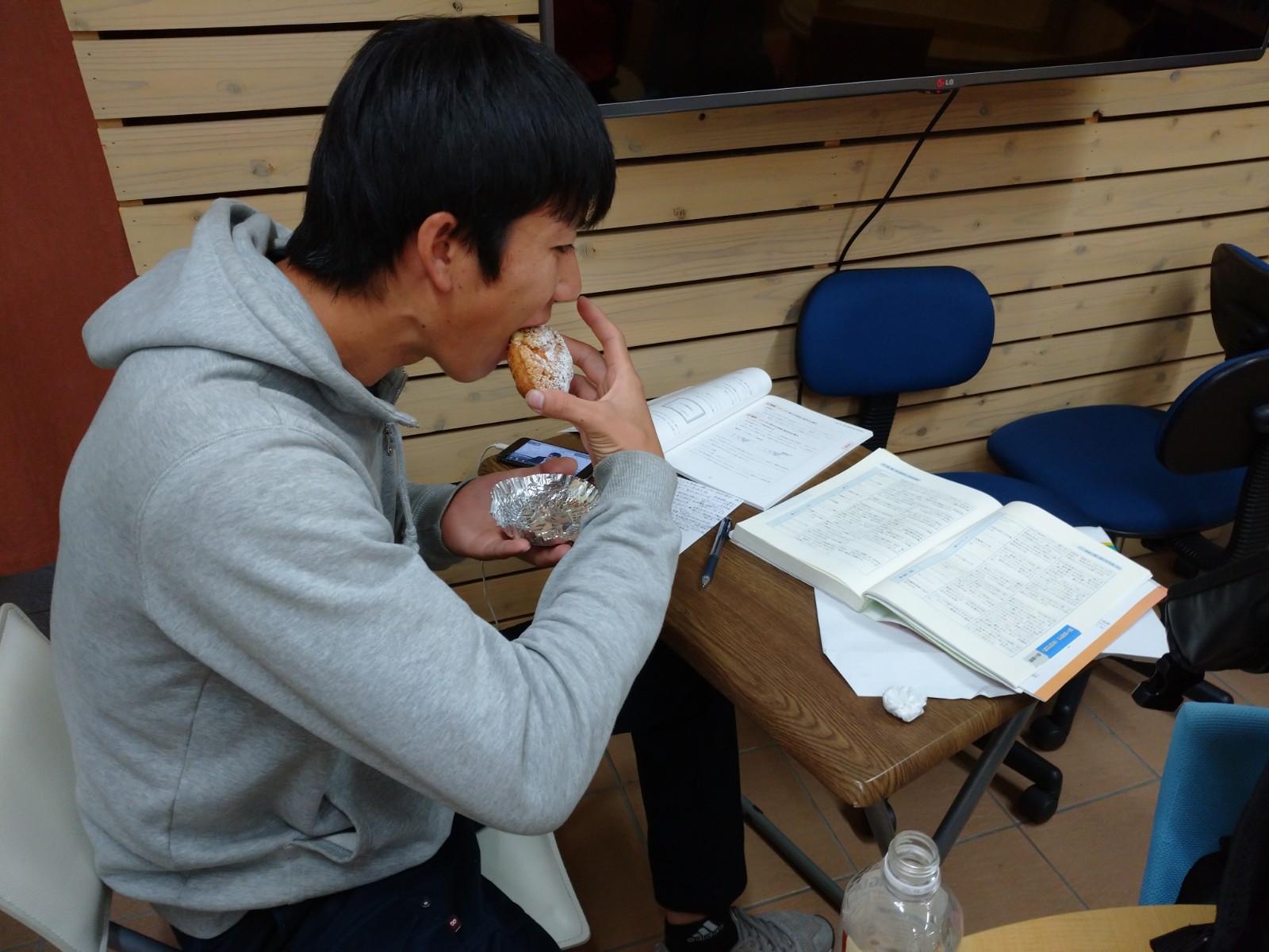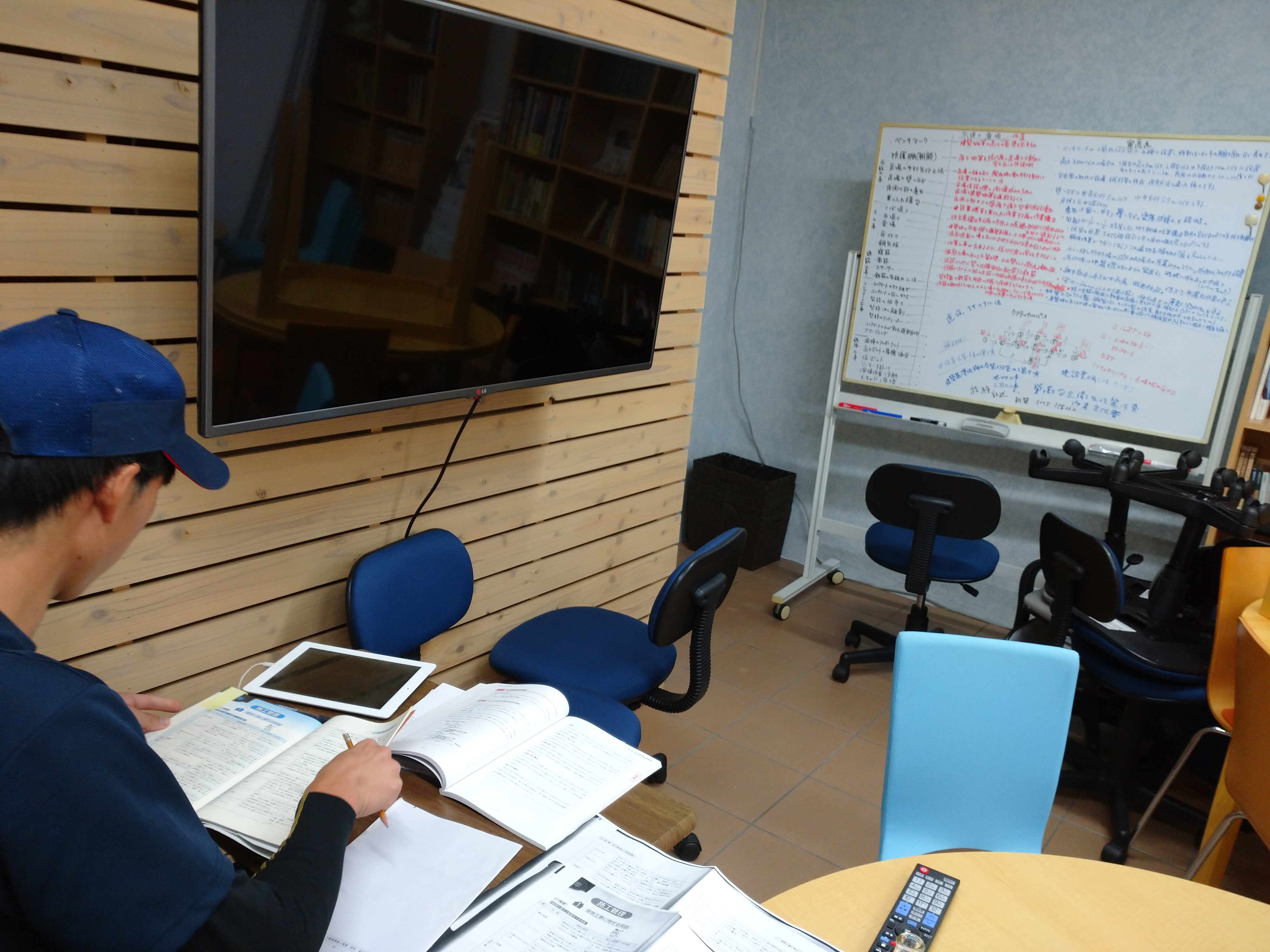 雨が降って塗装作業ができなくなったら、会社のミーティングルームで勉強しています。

* * *

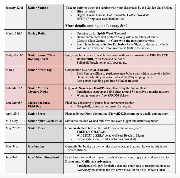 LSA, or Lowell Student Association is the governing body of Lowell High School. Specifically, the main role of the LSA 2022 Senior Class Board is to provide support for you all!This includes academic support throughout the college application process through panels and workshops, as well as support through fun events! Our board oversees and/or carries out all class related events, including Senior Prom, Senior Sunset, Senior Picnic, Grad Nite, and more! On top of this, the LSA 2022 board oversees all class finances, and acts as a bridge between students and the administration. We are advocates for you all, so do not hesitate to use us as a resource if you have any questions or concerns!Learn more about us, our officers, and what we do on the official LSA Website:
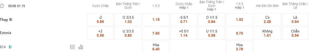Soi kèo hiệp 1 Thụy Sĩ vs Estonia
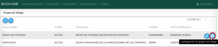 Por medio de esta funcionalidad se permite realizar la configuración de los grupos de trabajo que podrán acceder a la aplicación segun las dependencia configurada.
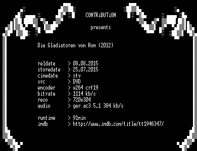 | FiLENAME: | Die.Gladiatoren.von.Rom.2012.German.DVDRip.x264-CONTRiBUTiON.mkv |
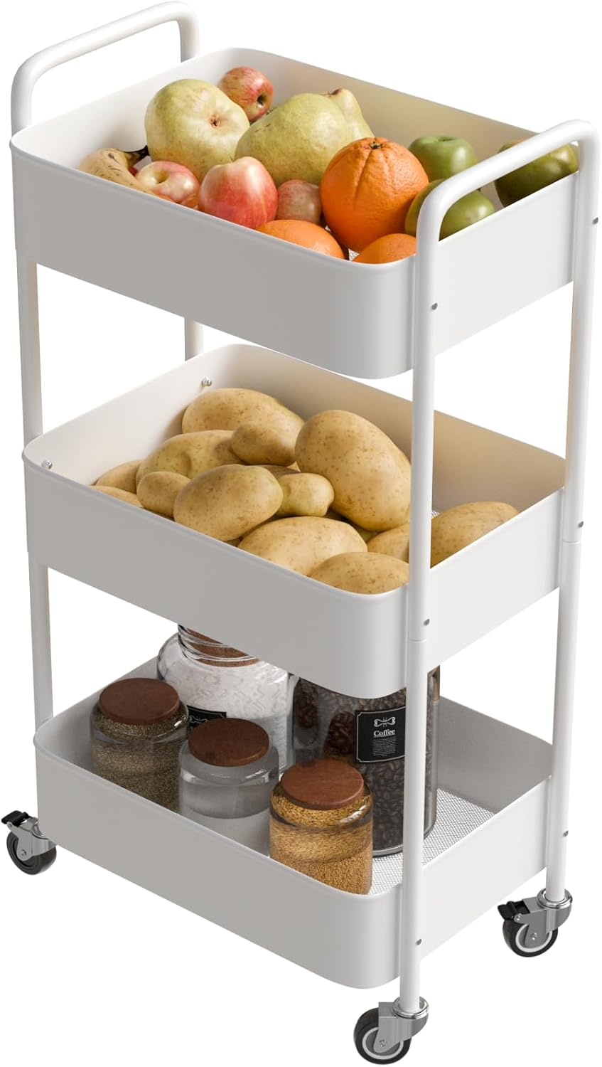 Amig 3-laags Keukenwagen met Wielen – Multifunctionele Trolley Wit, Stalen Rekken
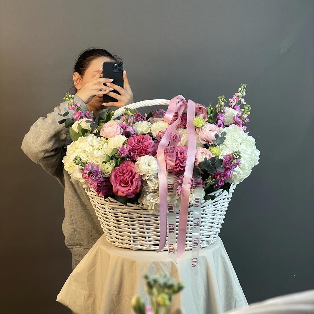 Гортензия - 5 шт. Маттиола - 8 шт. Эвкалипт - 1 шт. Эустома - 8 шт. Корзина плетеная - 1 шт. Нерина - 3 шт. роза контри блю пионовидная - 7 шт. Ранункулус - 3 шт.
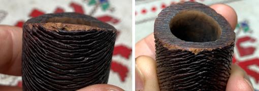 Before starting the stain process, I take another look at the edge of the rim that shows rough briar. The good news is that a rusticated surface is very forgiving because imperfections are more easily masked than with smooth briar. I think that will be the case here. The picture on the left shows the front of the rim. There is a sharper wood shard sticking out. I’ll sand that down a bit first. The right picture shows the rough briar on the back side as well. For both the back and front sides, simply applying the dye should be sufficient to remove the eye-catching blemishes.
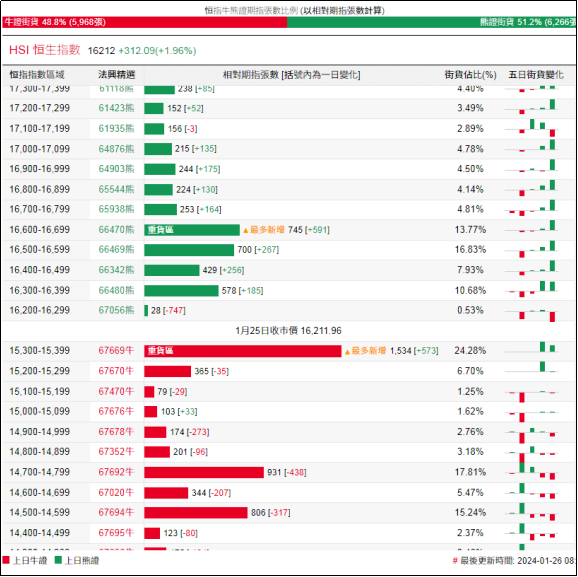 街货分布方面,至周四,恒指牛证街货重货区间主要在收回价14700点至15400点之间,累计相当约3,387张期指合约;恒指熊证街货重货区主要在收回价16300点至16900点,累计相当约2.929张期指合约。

## [GOAL OF THE EXERCISE]
Although pictures appear among the records above, none are to be output; print exactly the lines from the line containing "Before starting the" through the line containing "街货分布方面,至周四,恒指牛".

## [EXERCISE RESULT]
 Before starting the stain process, I take another look at the edge of the rim that shows rough briar. The good news is that a rusticated surface is very forgiving because imperfections are more easily masked than with smooth briar. I think that will be the case here. The picture on the left shows the front of the rim. There is a sharper wood shard sticking out. I’ll sand that down a bit first. The right picture shows the rough briar on the back side as well. For both the back and front sides, simply applying the dye should be sufficient to remove the eye-catching blemishes.
 街货分布方面,至周四,恒指牛证街货重货区间主要在收回价14700点至15400点之间,累计相当约3,387张期指合约;恒指熊证街货重货区主要在收回价16300点至16900点,累计相当约2.929张期指合约。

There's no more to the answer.